To serve for the charge of a gun. – Beaum.

PRIME, v.t.

  1. To put powder in the pan of a musket or other fire-arm; or to lay a train of powder for communicating fire to a charge. – Encyc.
  2. To lay on the first color in painting. – Encyc.

PRIM-ED, pp.

Having powder in the pan; having the first color in painting.

PRIME-LY, adv.

  1. At first; originally; primarily. – South.
  2. Most excellently.

PRIME-NESS, n.

  1. The state of being first.
  2. Supreme excellence. [Little used in either sense.]

PRI'MER, a.

First; original. [Not in use.] Drayton.

PRI'MER, n.

  1. A small prayer-book for church service, or an office of the Virgin Mary.
  2. A small elementary book for teaching children to read.

PRI-MER-FINE, n.

In England, a fine due to the king on the writ or commencement of a suit by fine. – Blackstone.

PRI-ME'RO, n.

A game at cards. [Sp.]

PRI-MER-SEI-ZIN, n. [prime and seizin.]

In feudal law, the right of the king, when a tenant in capite died seized of a knight's fee, to receive of the heir, if of full age, one year's profits of the land if in possession, and half a year's profits if the land was in reversion expectant on an estate for life; abolished by 12 Car. II. – Encyc.
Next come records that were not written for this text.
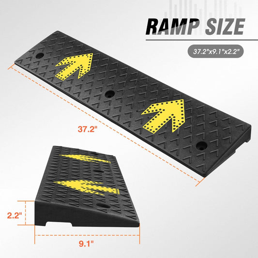 DNA MOTORING 2pcs 2.2" Rise Rubber Arrow Curb Ramp Heavy Duty Loading Driveway Ramps Threshold Ramp 37.2in L x 9.1in W x 2.2in H for Loading Dock, Warehouse, Wheelchair, Motorcycles, Cars, TOOLS-00648
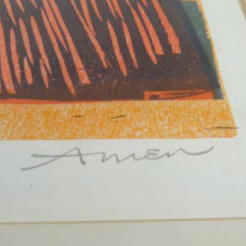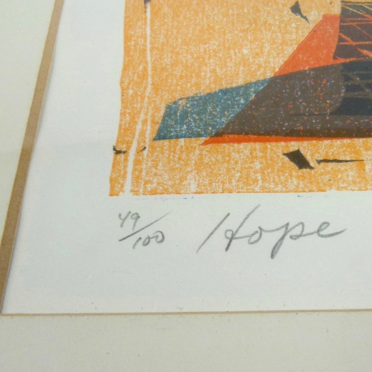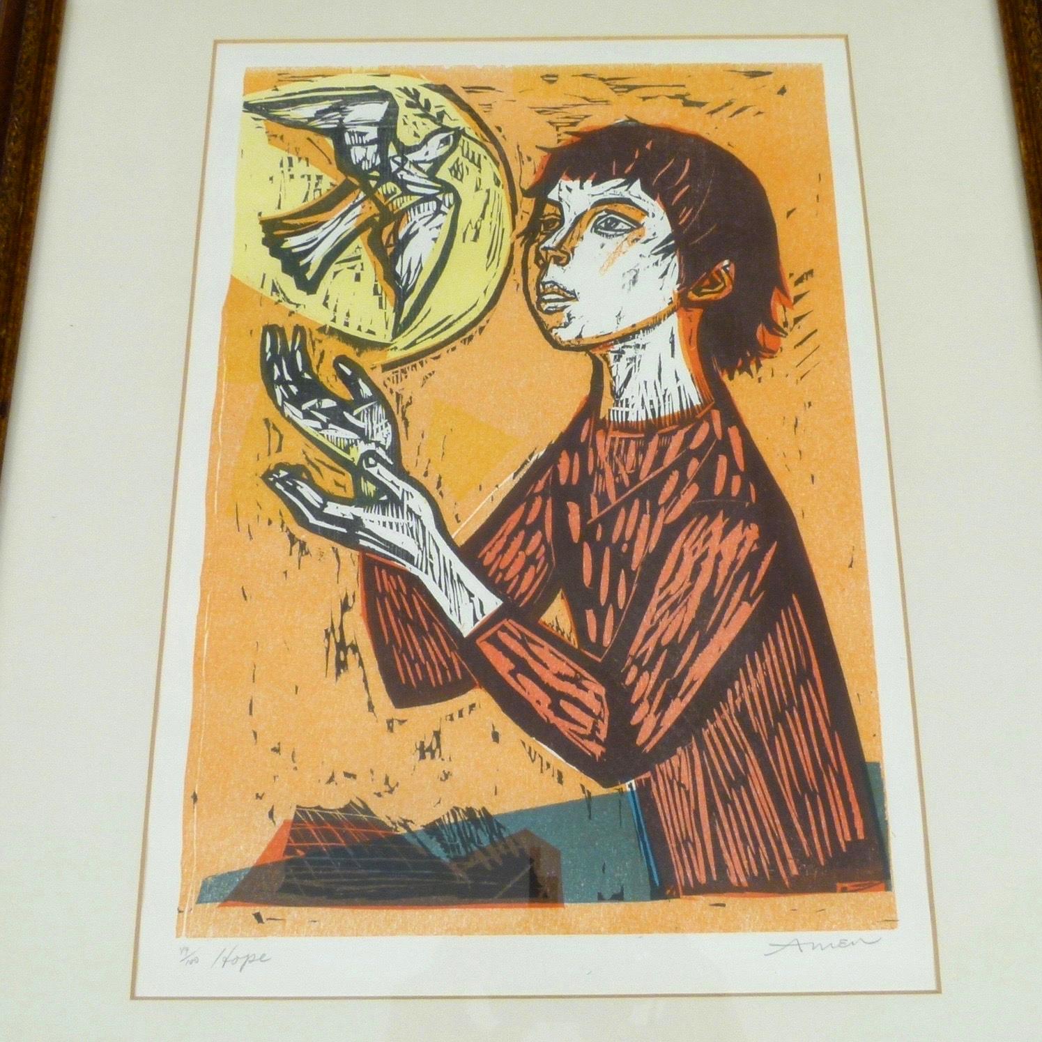 1950s signed and numbered woodblock print titled "Hope" by Irving Amen.
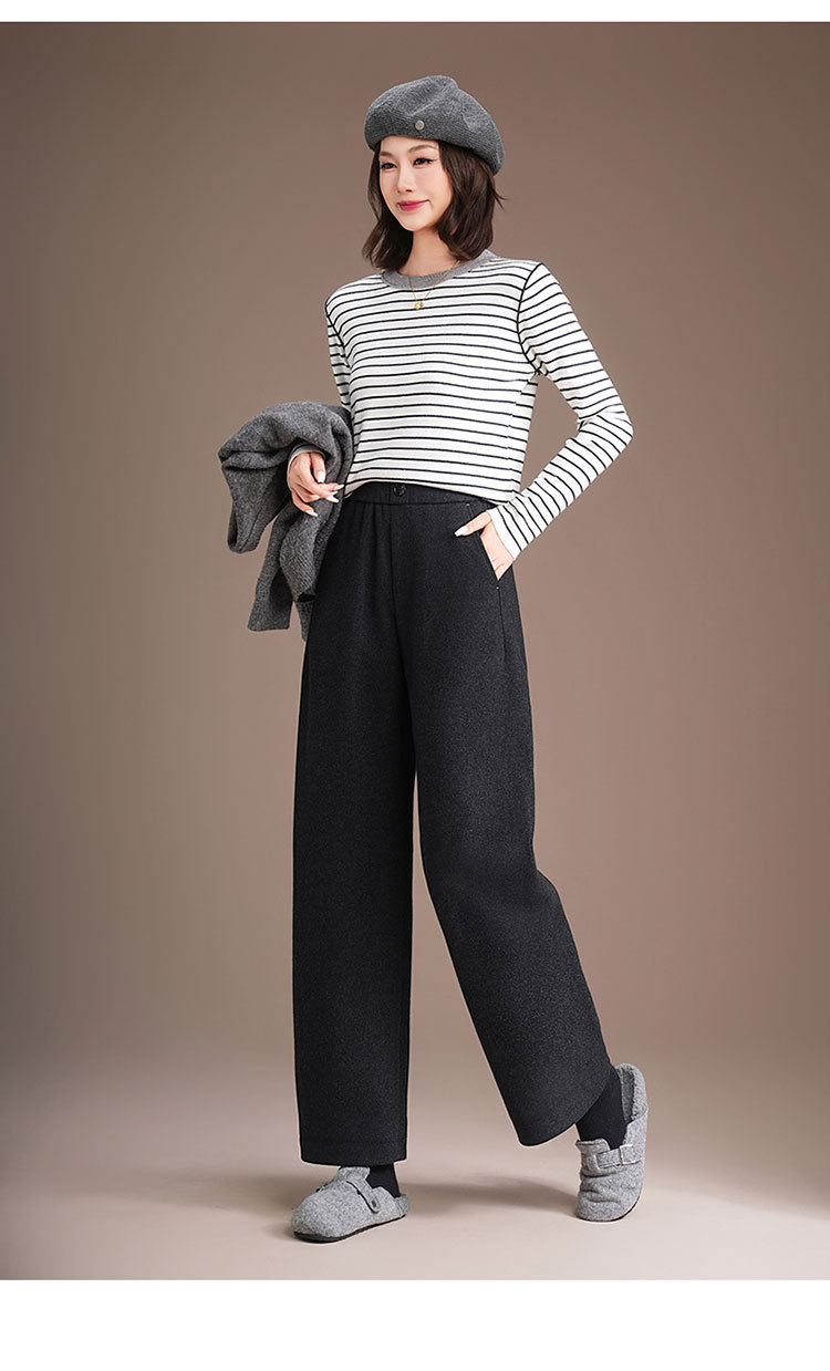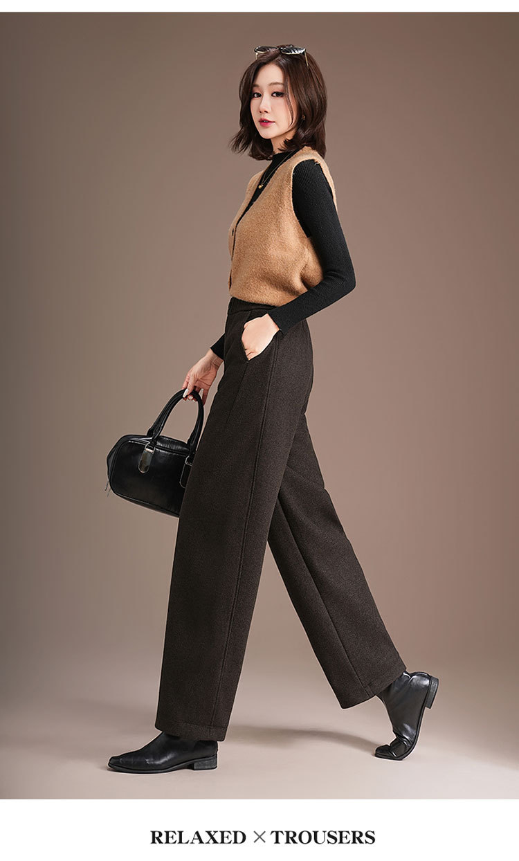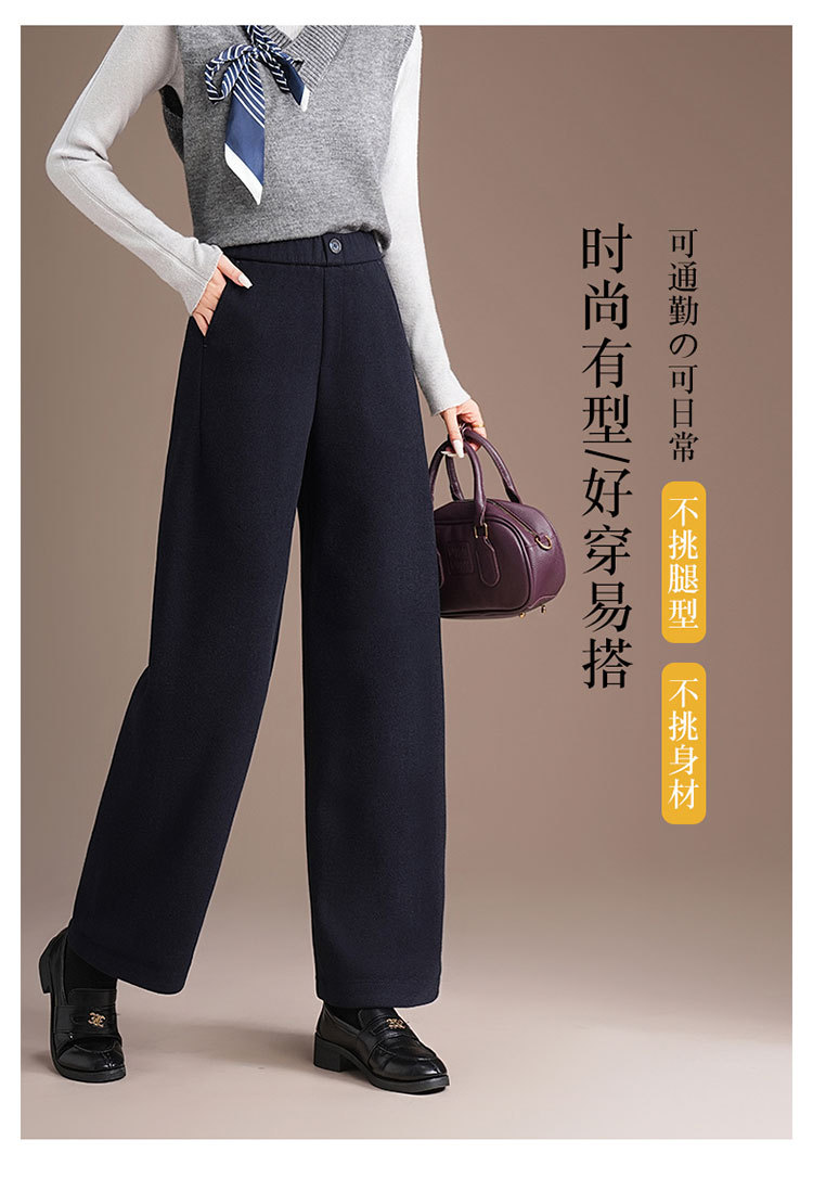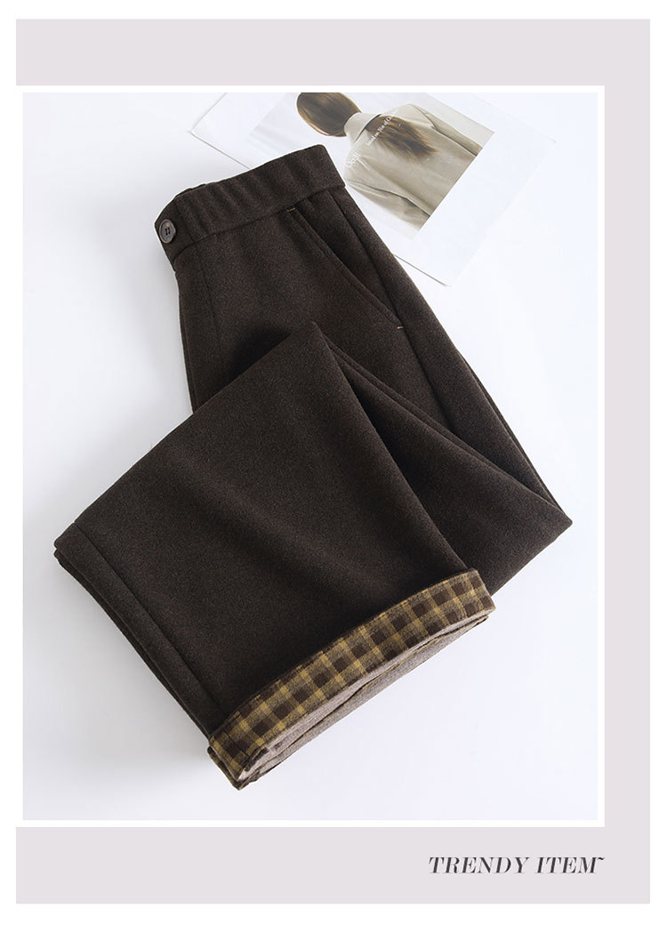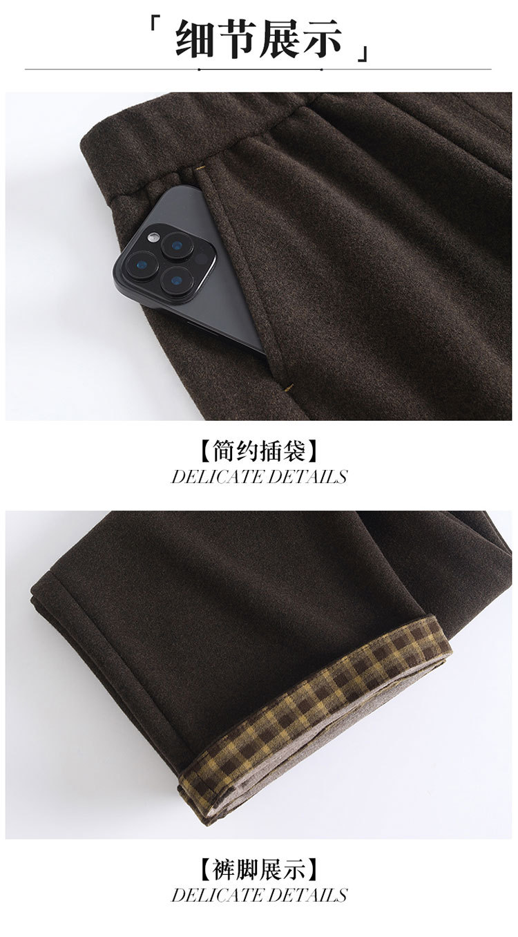 QYM H628-Y格子拼结阔腿裤厚款毛呢裤宽松休闲直筒休闲裤 商品图4
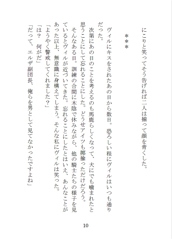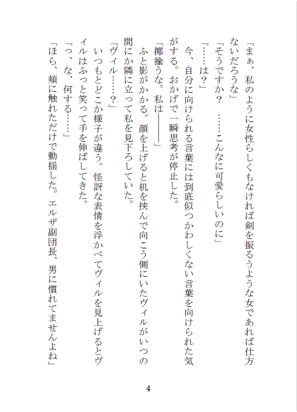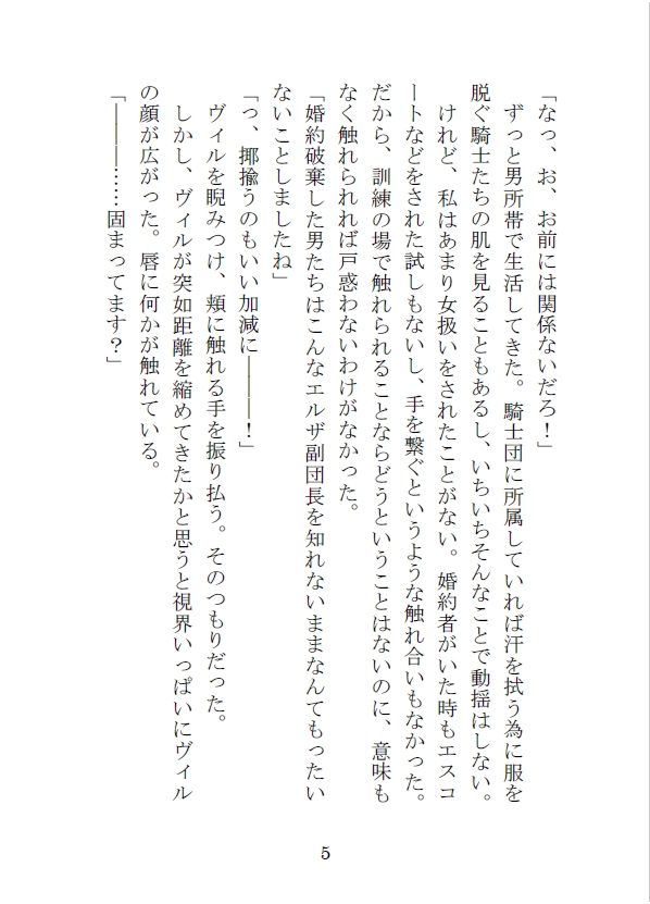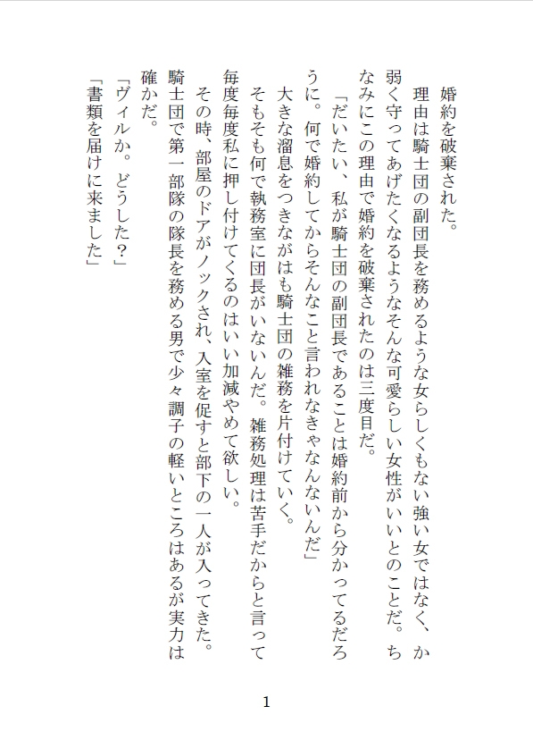婚約破棄をした騎士団の副団長が部下の男に突然キスをされ、体に触れてくる部下に戸惑いつつも少しずつ部下への感情が変わっていくお話。

PRI-ME'VAL, a. [L. primus, first, and ævum, age; primævus.]

Original; primitive; as, the primeval innocence of man; primeval day. – Blackmore.

PRI-ME'VOUS, a.

Primeval.

PRI-MI-GE'NI-AL, a. [L. primigenius; primus, first, and genus, kind, or gignor, to beget.]

First born; original; primary. – Bp. Hall.

PRI-MIG'E-NOUS, a. [supra.]

First formed or generated; original; as, semi-primigenous strata. – Kirwan.

PRIM'INE, n. [L. primus.]

In botany, the outermost integument of an ovule; one of the sacs containing an ovule. – Lindley.

PRIM-ING, n.

  1. The powder in the pan of a gun, or laid along the channel of a cannon for conveying fire to the charge.
  2. Among painters, the first color laid on canvas or on a building, &c.